I didn't find the reference in the manual. Would be nice to know where to read. I'll read the technical reference manual again maybe I missed. The API reference doesn't seem to explain how hardware flow control works on ESP32.

On ESP32 Technical Reference Manual V4.1, page 360, I see there are DTR, DSR, RTS, CTS. They are all read-only bits and referred to as internal. Does ESP32 hardware implement DTR DSR lines at all? Page 342 has a diagram. It only has RTS and CTS connected to HW_Flow_Ctrl block. I guess only these two lines are brought to GPIO pins, settable by uart_set_pin. I don't have to use DTR/DSR if I can use RTS and CTS for the same flow control, i.e. assert RTS when ESP32 is ready to receive data, send data only if CTS is asserted. Correct?

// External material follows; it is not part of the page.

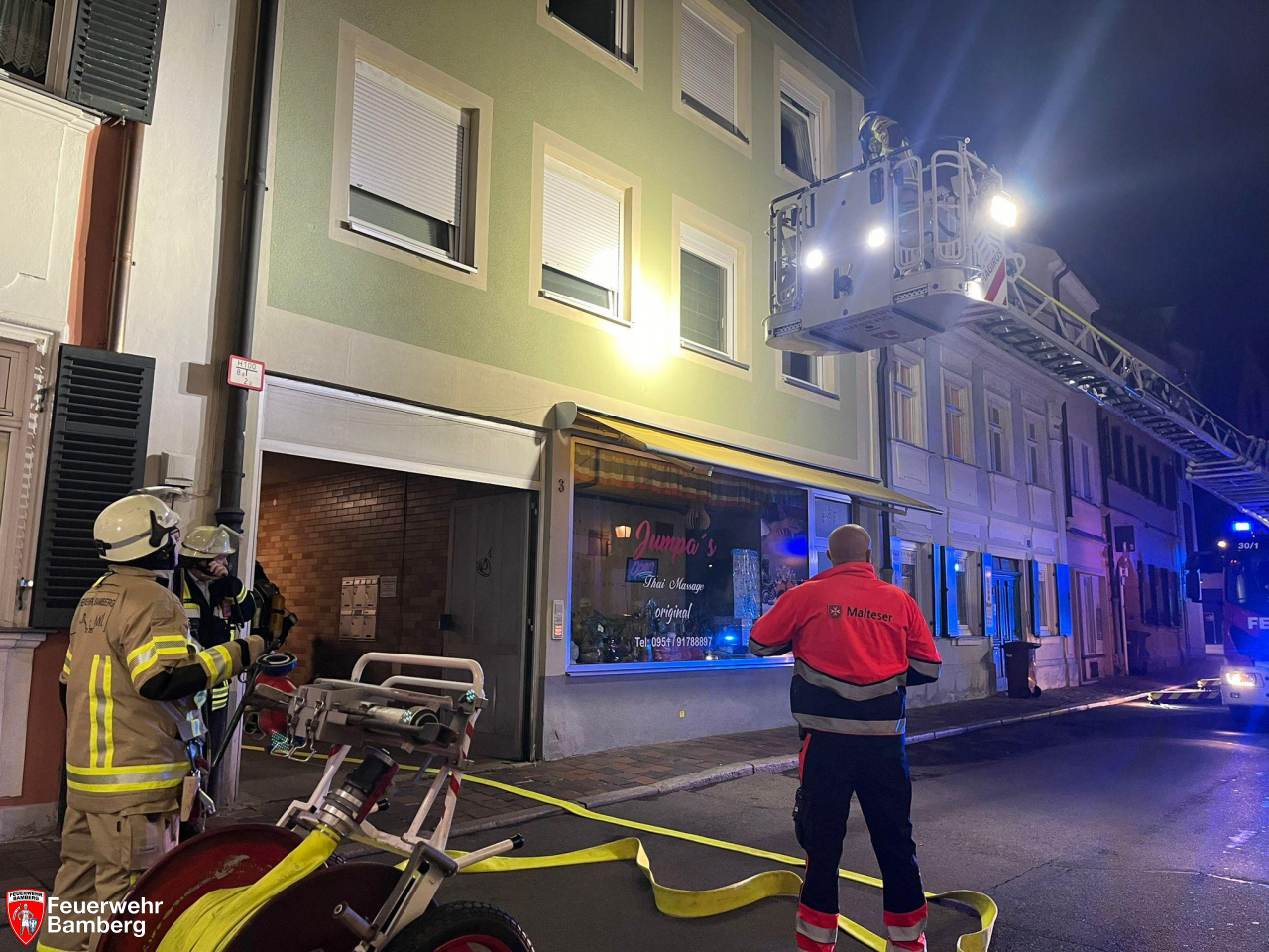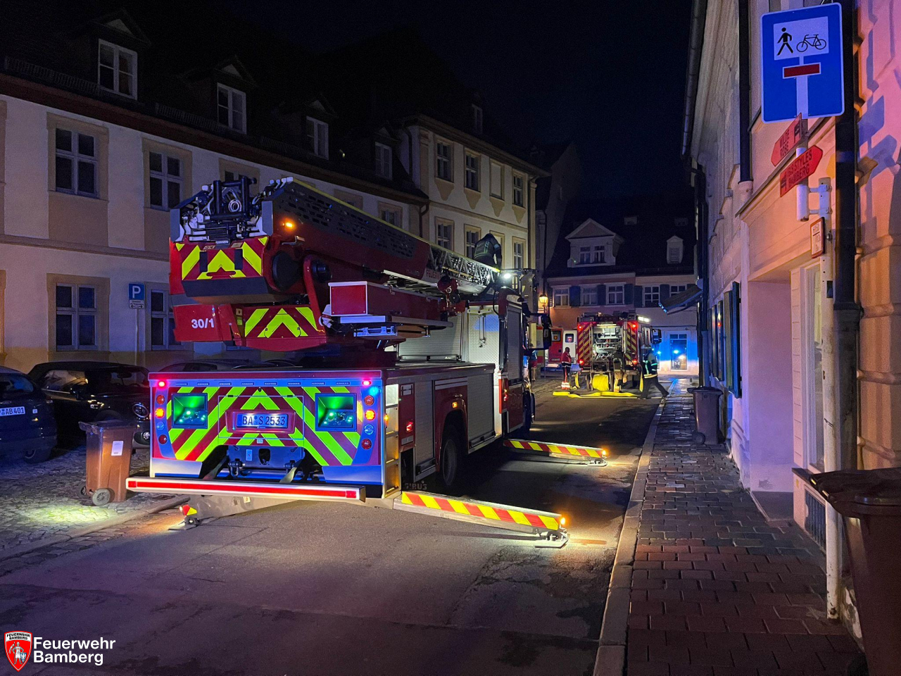 Am Morgen wurde die Feuerwehr Bamberg in die Altstadt zu einem ausgelösten privaten Rauchmelder alarmiert. Anwohner hörten den Alarm aus einer der Wohnungen und nahmen auch die typischen Rauchgerüche nach verbranntem Essen wahr.

On ESP32 data sheet, GPIO_Matrix, there are U0DSR and U0DTR but not for U1 or U2. Also the uart_set_pins() doesn't take DSR or DTR pins. Is U0 different from U1 and U2? I read U2 has some simplifications.

Hi,
Left field: Why do you think that you need such tight DTR/DSR? They are really old school signals for back in the day 8080 etc limited processing equipment & perhaps without hardware 8251 support. I have not needed either since the 80's.
The ESP should always be DTR (and I would bet large that any device which needs DTR will have a baud rate <19,200) and so I would imagine that you could just start transmission (1 byte at a time) when signaled. You will have <100uS latency between bytes when polling from an ISR. Perhaps you don't need to send immediately (remember old school, slow as ....). DTR is just a flag which says that its ok to send - (your unstated application requirements determine needed throughput so I cannot be sure).
So whilst the detailed answer depends on your throughput requirement i would very much suspect that a DTR/DSR solution is not throughput sensitive.
Boiling my understanding down then this might be a simple task which sends a byte when Ok to send?
PS I often get my DTE/DCE the wrong way around but basically hardware flow control has become a non issue as processing power and hardware USART support (with FIFO) have arrived (post 80's) & assuming low baud rates.
Please quote your throughput & bauds etc.

Hi PeterR,

Thanks for your response! My project includes communicating with printers via the RS-232 port. THese printers have clearly marked DTR/DSR signals. From their pinouts, it seems that these printers consider themselves as DTEs instead of DCEs. The main reason they have hardware/software flow control is you could potentially fill up the buffer while the printer is busy printing. I've observed occasional DTR toggling but it's only very brief, like 1 byte. It's indeed old.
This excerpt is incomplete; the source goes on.